Мимо милиционера на входе Андрей прошагал не без напряжения, но тот даже не взглянул в его сторону. Очки с простыми стеклами по-прежнему вызывали у него желание сдернуть их с носа как странную помеху. Игрунов назвал местом встречи «Октябрьскую», путь до которой занял чуть больше получаса. В половине восьмого эскалатор, забитый невыспавшимся народом, доставил помощника депутата Кузина в помпезный вестибюль кольцевой станции.
Игрунов, прислонившийся к стене справа, смотрел куда-то мимо, пока Андрей не подошел вплотную к нему. Депутат вздрогнул.
– Я вас не узнал.
– Очень хорошо.
– Ну, вы и устроили представление на набережной!
– Не мы. Но это уже не столь важно, – уточнил Андрей.
– Я получил добро от Григория еще вчера в обед, но вы не перезвонили. Мы искали деньги, это было непросто, – сообщил ему Игрунов.
«И Пол был бы жив», – подумал Андрей, но сказал о другом.
– Вы их нашли?
– Да. Естественно, они не у меня.
– Давайте я звякну кое-кому, а потом продолжим.
Кандидат в президенты России Григорий Явлинский в ту ночь спал мало и плохо. В полдень ему предстояло продолжить переговоры о своем политическом будущем, но без главного козыря они полностью утрачивали смысл. Вчера он был уверен, что кассета с полной записью беседы Зюганова и Лебедя будет у него в руках. После вечерних выпусков новостей вся его уверенность испарилась.
Не исключено, что поход к Чубайсу был преждевременным. Сказалась усталость от второй изматывающей кампании за год. Предыдущая закончилась не слишком удачно. Ельцин от сделки отказался и повел себя некрасиво, публично приписав противоположной стороне премьерские амбиции. У Явлинского амбиции, конечно, имелись, однако он не сделал их удовлетворение частью своих условий.
Нынешний шанс казался весомее. Черномырдин – не Ельцин, кроме статуса и денег ему требовался образ победителя. При отсутствии такого образа спасти положение могли голоса других кандидатов, и здесь особого выбора у и. о. президента не было. Но должность вице-премьера, пусть даже первого, не давала тех возможностей, которые есть у председателя правительства. Если кабинет возглавит Немцов, можно пойти к нему замом, он человек адекватный… и всё же Борис ближе к Чубайсу, а с ним у Явлинского нет нормального контакта, к тому же на экономику Анатолий смотрит несколько иначе. Совсем непрочной может оказаться означенная конструкция.
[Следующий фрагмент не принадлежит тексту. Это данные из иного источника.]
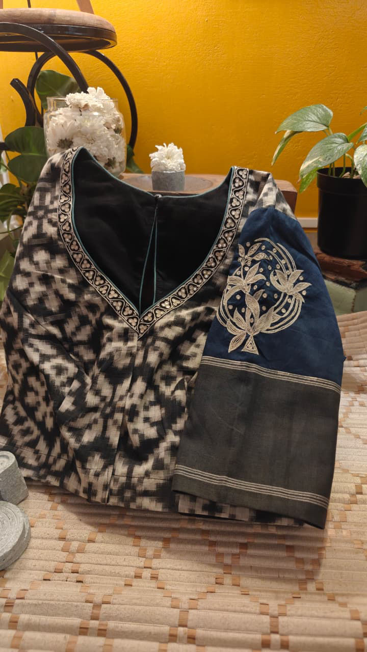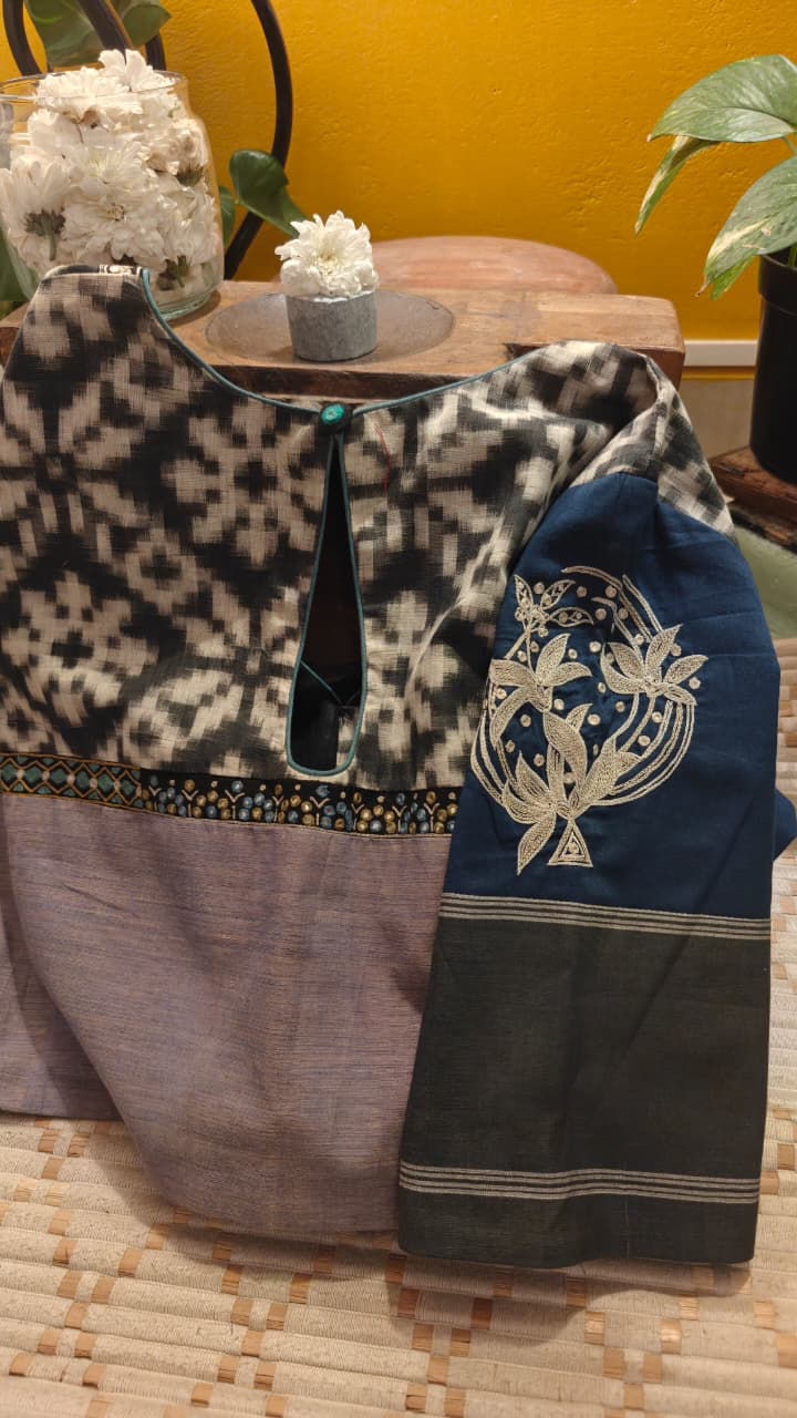 Our artisans creatively hand embroider, hand paint and hand print the blouses that come to you from the design house of SVASA. We use hand woven fabric extensively. You may notice very minute, almost insignificant flaws in the crafts since they are all handmade. We urge our patrons to overlook a few human errors that may have occurred in the process. Our aspirations are towards an empowered society, focusing on keeping traditional needlecraft alive for a long time to come.

Впрочем, пока и вице-премьерский портфель представлялся скорее желаемым, нежели сколько-нибудь возможным. Узнав, что продолжения записи у Явлинского нет, Чубайс будет беспощаден в своей фирменной иронии. Мы все прагматики, да, но это унижение обвалит акции лидера «Яблока» в глазах Черномырдина…
Игрунов позвонил на домашний номер, когда кандидат умывался после бритья.
– Григорий Алексеевич, у нас проблема со встречами на юго-востоке. Надо срочно всё обсудить.
Кандидат замер с полотенцем в руке.
– Алло, алло, вы слышите меня? Есть проблема на юго-востоке, – подчеркнуто повторил депутат.
– Вячеслав Владимирович, ну как же вы так? – укоризненно спросил Явлинский.
Внутри у него всё задрожало и запело от предвкушения чуда. Сейчас главное было не выдать себя голосом.
– Я же на вас полагался…
Игрунов по-мальчишески засопел носом.
– Виноват. Я вам объясню лично.
– Приезжайте в штаб, там разберемся, – сухо ответил кандидат, давая понять, что не намерен транжирить свое драгоценное время.
Общение с госбезопасностью в советские годы не прошло для них даром. Оба они еще тогда лишились иллюзий и понимали, что после визита на Старую площадь кандидат в президенты мог стать объектом слежки. Поэтому для экстренной связи было придумано несколько условных фраз.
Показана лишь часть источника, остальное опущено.